Stacked Ensembles

Introduction

Ensemble machine learning methods use multiple learning algorithms to obtain better predictive performance than could be obtained from any of the constituent learning algorithms. Many of the popular modern machine learning algorithms are actually ensembles. For example, Random Forest and Gradient Boosting Machine (GBM) are both ensemble learners. Both bagging (e.g. Random Forest) and boosting (e.g. GBM) are methods for ensembling that take a collection of weak learners (e.g. decision tree) and form a single, strong learner.

H2O’s Stacked Ensemble method is supervised ensemble machine learning algorithm that finds the optimal combination of a collection of prediction algorithms using a process called stacking. This method currently supports regression and binary classification, and multiclass support is planned for a future release.

Native support for ensembles of H2O algorithms was added into core H2O in version 3.10.3.1. A separate implementation, the h2oEnsemble R package, is also still available, however for new projects we recommend using the native H2O version, documented below.

Stacking / Super Learning

Stacking, also called Super Learning or Stacked Regression, is a class of algorithms that involves training a second-level “metalearner” to find the optimal combination of the base learners. Unlike bagging and boosting, the goal in stacking is to ensemble strong, diverse sets of learners together.

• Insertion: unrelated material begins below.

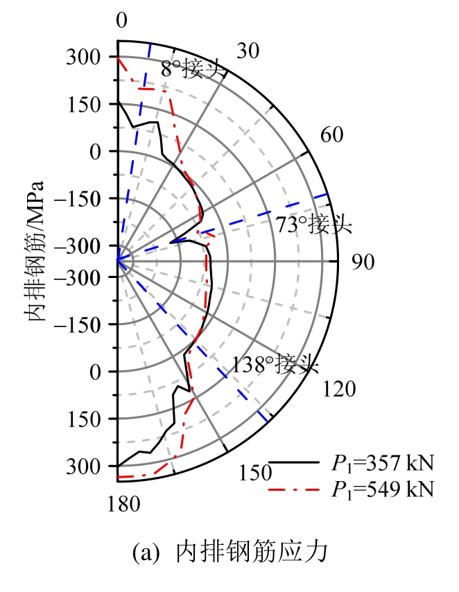 钢筋沿管片环周的应力分布如图11。沿环周0°~50°、138°~180°处,内排钢筋受拉,外排钢筋受压;60°~138°处内排钢筋受压,外排钢筋受拉。全过程只有拱底块D内排钢筋最后发生了屈服。

Although the concept of stacking was originally developed in 1992, the theoretical guarantees for stacking were not proven until the publication of a paper titled, “Super Learner”, in 2007. In this paper, it was shown that the Super Learner ensemble represents an asymptotically optimal system for learning.

There are some ensemble methods that are broadly labeled as stacking, however, the Super Learner ensemble is distinguished by the use of cross-validation to form what is called the “level-one” data, or the data that the metalearning or “combiner” algorithm is trained on. More detail about the Super Learner algorithm is provided below.

Super Learner Algorithm

The steps below describe the individual tasks involved in training and testing a Super Learner ensemble. H2O automates most of the steps below so that you can quickly and easily build ensembles of H2O models.

  1. Set up the ensemble.
    1. Specify a list of L base algorithms (with a specific set of model parameters).
    2. Specify a metalearning algorithm.
  2. Train the ensemble.
    1. Train each of the L base algorithms on the training set.
    2. Perform k-fold cross-validation on each of these learners and collect the cross-validated predicted values from each of the L algorithms.
    3. The N cross-validated predicted values from each of the L algorithms can be combined to form a new N x L matrix. This matrix, along wtih the original response vector, is called the “level-one” data. (N = number of rows in the training set.)
    4. Train the metalearning algorithm on the level-one data. The “ensemble model” consists of the L base learning models and the metalearning model, which can then be used to generate predictions on a test set.
  3. Predict on new data.
    1. To generate ensemble predictions, first generate predictions from the base learners.
    2. Feed those predictions into the metalearner to generate the ensemble prediction.

Defining an H2O Stacked Ensemble Model

  • model_id: Specify a custom name for the model to use as a reference. By default, H2O automatically generates a destination key.
  • training_frame: Specify the dataset used to build the model.
  • validation_frame: Specify the dataset used to evaluate the accuracy of the model.
  • selection_strategy: Specify the strategy for choosing which models to stack. Note that choose_all is currently the only selection strategy implemented.
  • base_models: Specify a list of model IDs that can be stacked together. Models must have been cross-validated using nfolds > 1, they all must use the same cross-validation folds and keep_cross_validation_folds must be set to True.

Regarding the base models: One way to guarantee identical folds across base models is to set fold_assignment = “Modulo” in all the base models. Currently, using base models that were all trained with fold_assignment = “Modulo” is a strict requirement, but this will be relaxed in the next release to allow for identical user-specified folds or random folds that were generated with the same seed.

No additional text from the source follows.